Look below for the line with "키싱구라미는 같은 종", then repeat it and all lines after it, exactly, minus any pictures.

------------------------------------------------------------------------

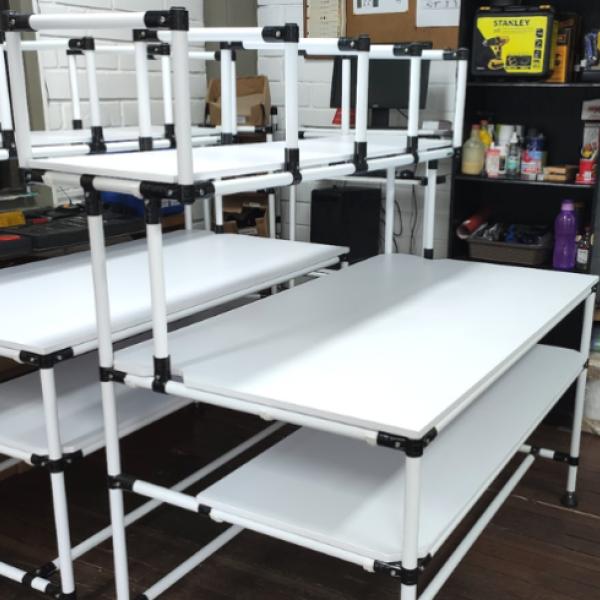 Ideal para procesos de empaque ubicando cartón en la repisa. Con entrepaño inferior para ubicar materiales. superficies en madera aglomerada de 15mm y tapones de caucho en las bases. Ancho 120cm / profundidad 75cm / altura 150cm. Capacidad: 80Kg en mesa y 40Kg en repisa.
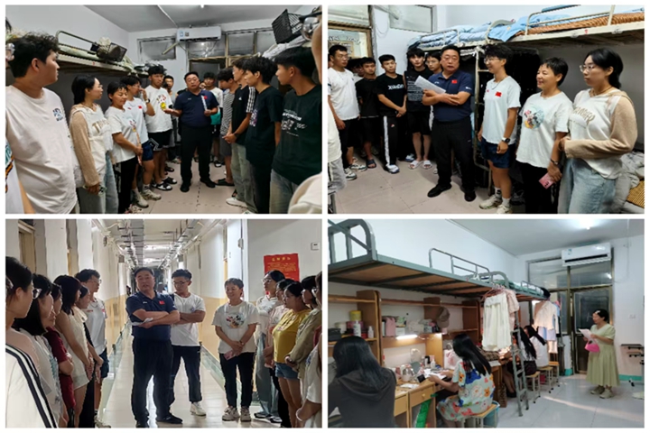 9月6日晚,体育学院学工队伍与班主任们深入新生宿舍进行走访,详细了解学生的报到情况及宿舍生活状况。此次走访覆盖了兰五、竹四以及梅一等新生宿舍楼。
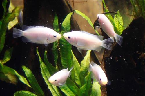 키싱구라미는 같은 종 또는 수조 유리에 키스를 하는 것으로 유명하다고 한화리조트는 설명했다.
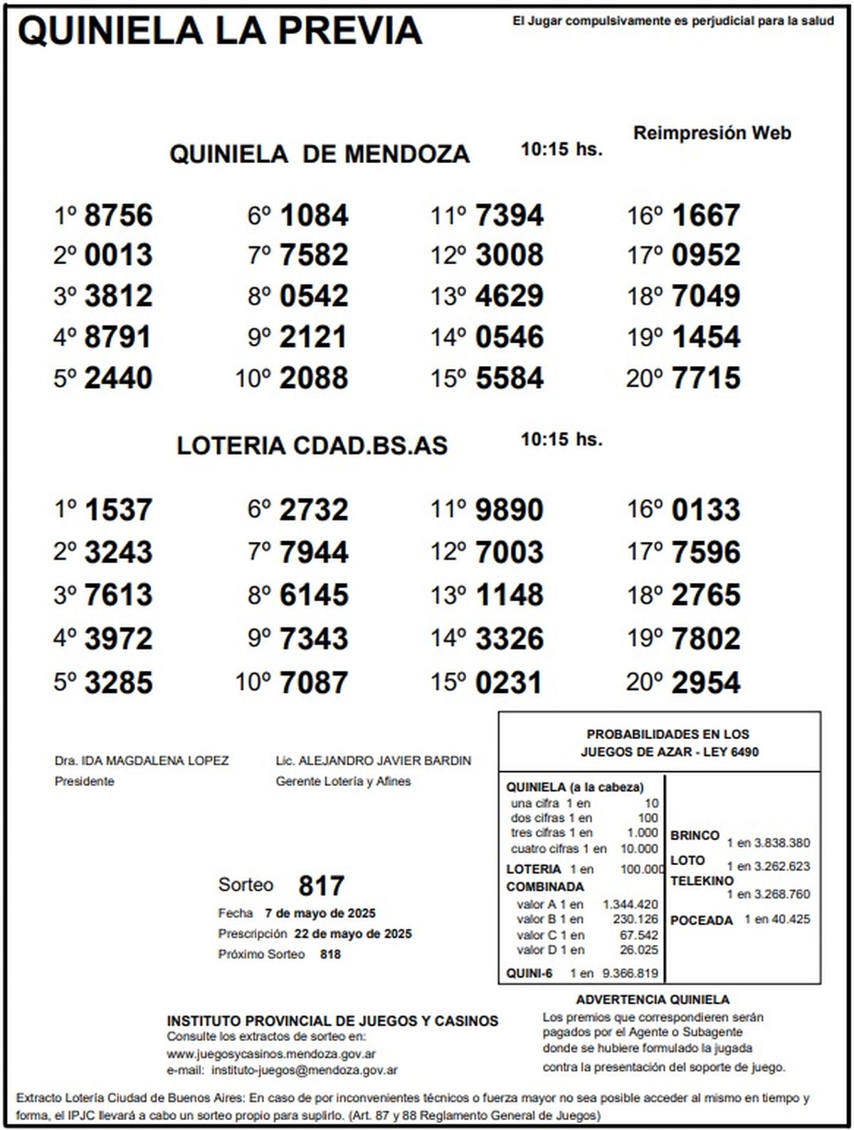 Resultados Quiniela de Mendoza: La Previa del 7 de mayo de 2025
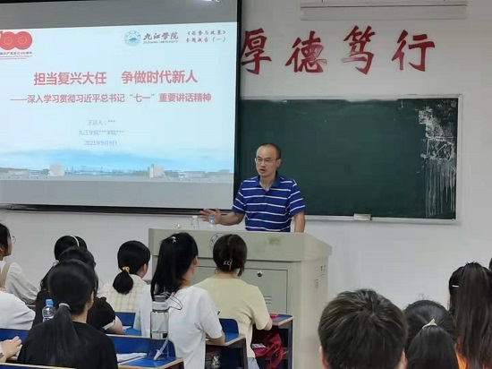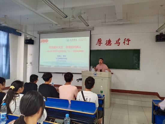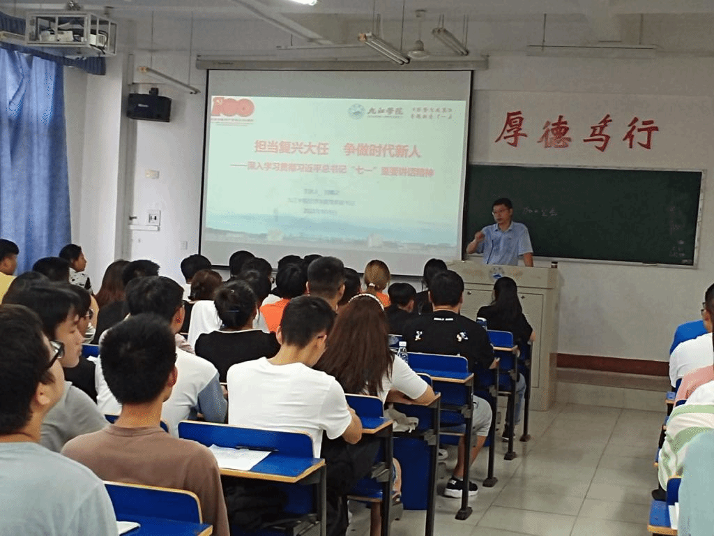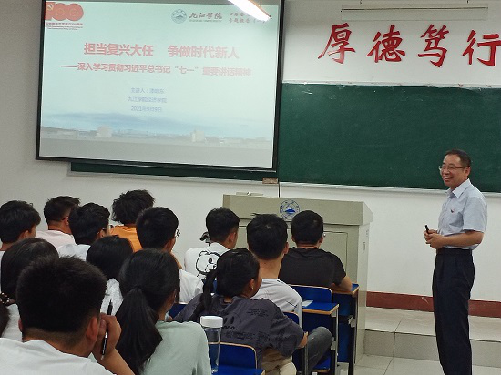 9月9日,在2021级新生刚刚报到入学之际,公司经理项益才、党委书记漆晗东、副书记刘羲之、副经理李华分别走上讲台,围绕学习贯彻习近平总书记“七一”重要讲话精神、树立远大理想等内容,给大一新生们讲授一堂生动的形势与政策思政课。
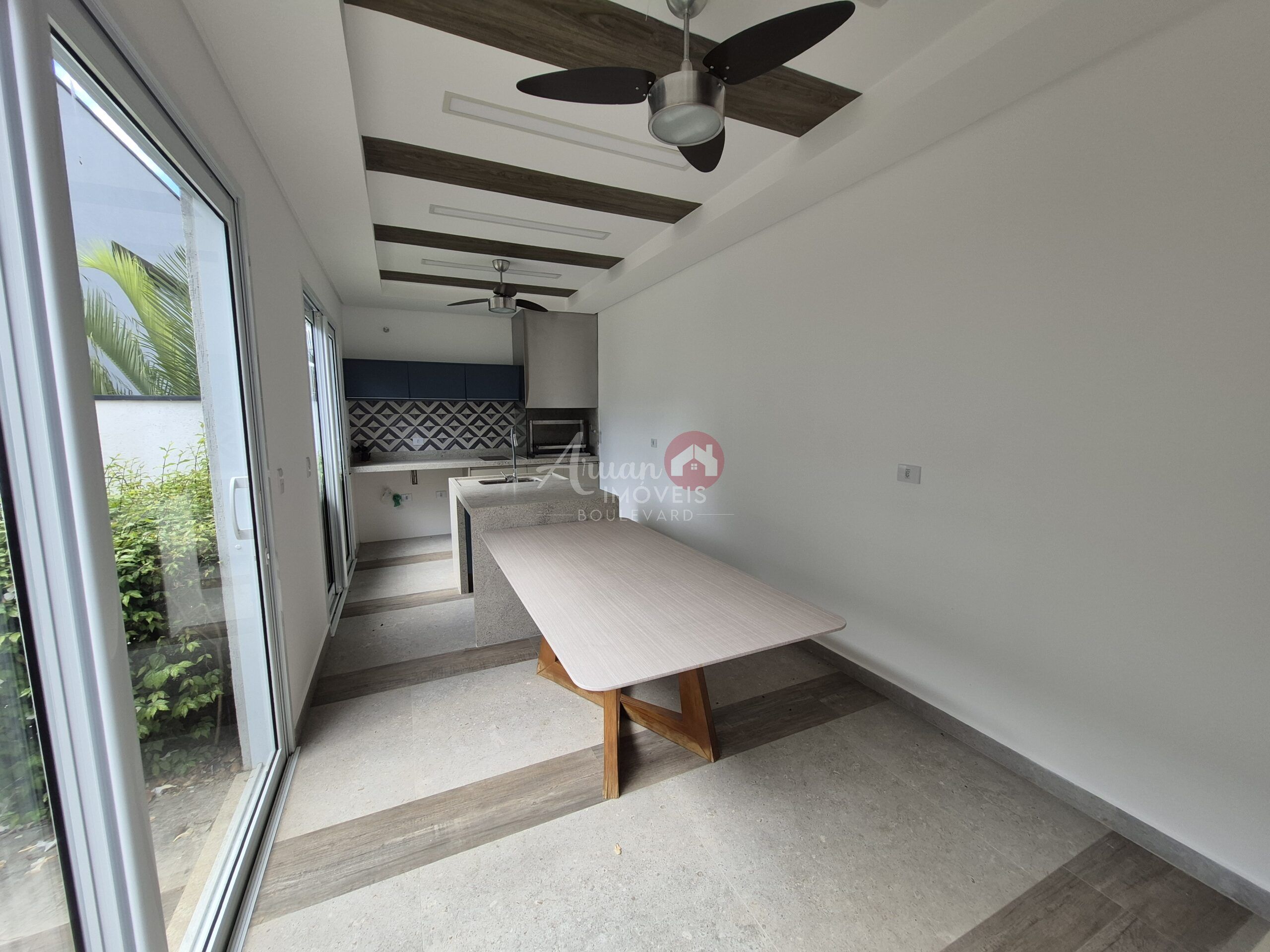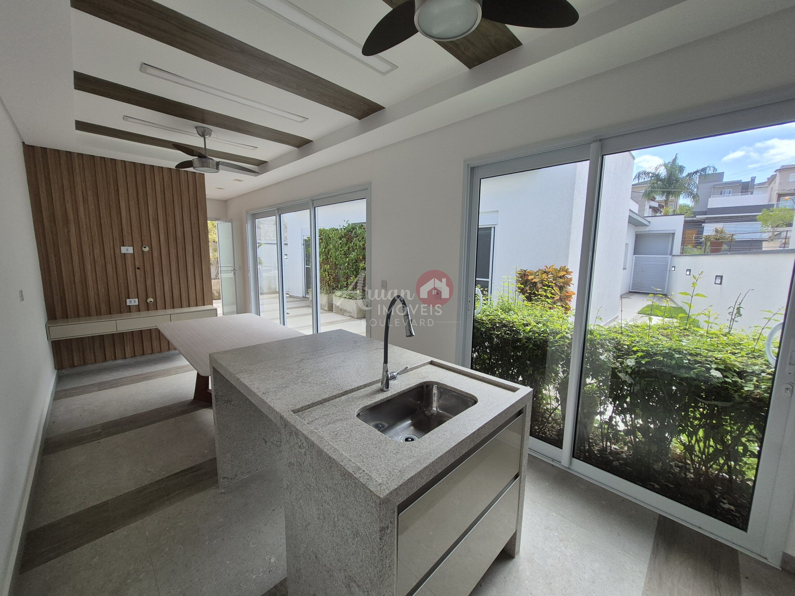 3 suítes sendo a suite master com closet, sala de estar com pe direto duplo, sala de jantar, cozinha com planejados, despensa, lavanderia, espaço gourmet, jacuzzi, garagem para 4 carros

------------------------------------------------------------------------

• [Your response]
 키싱구라미는 같은 종 또는 수조 유리에 키스를 하는 것으로 유명하다고 한화리조트는 설명했다.
 Resultados Quiniela de Mendoza: La Previa del 7 de mayo de 2025
 9月9日,在2021级新生刚刚报到入学之际,公司经理项益才、党委书记漆晗东、副书记刘羲之、副经理李华分别走上讲台,围绕学习贯彻习近平总书记“七一”重要讲话精神、树立远大理想等内容,给大一新生们讲授一堂生动的形势与政策思政课。
 3 suítes sendo a suite master com closet, sala de estar com pe direto duplo, sala de jantar, cozinha com planejados, despensa, lavanderia, espaço gourmet, jacuzzi, garagem para 4 carros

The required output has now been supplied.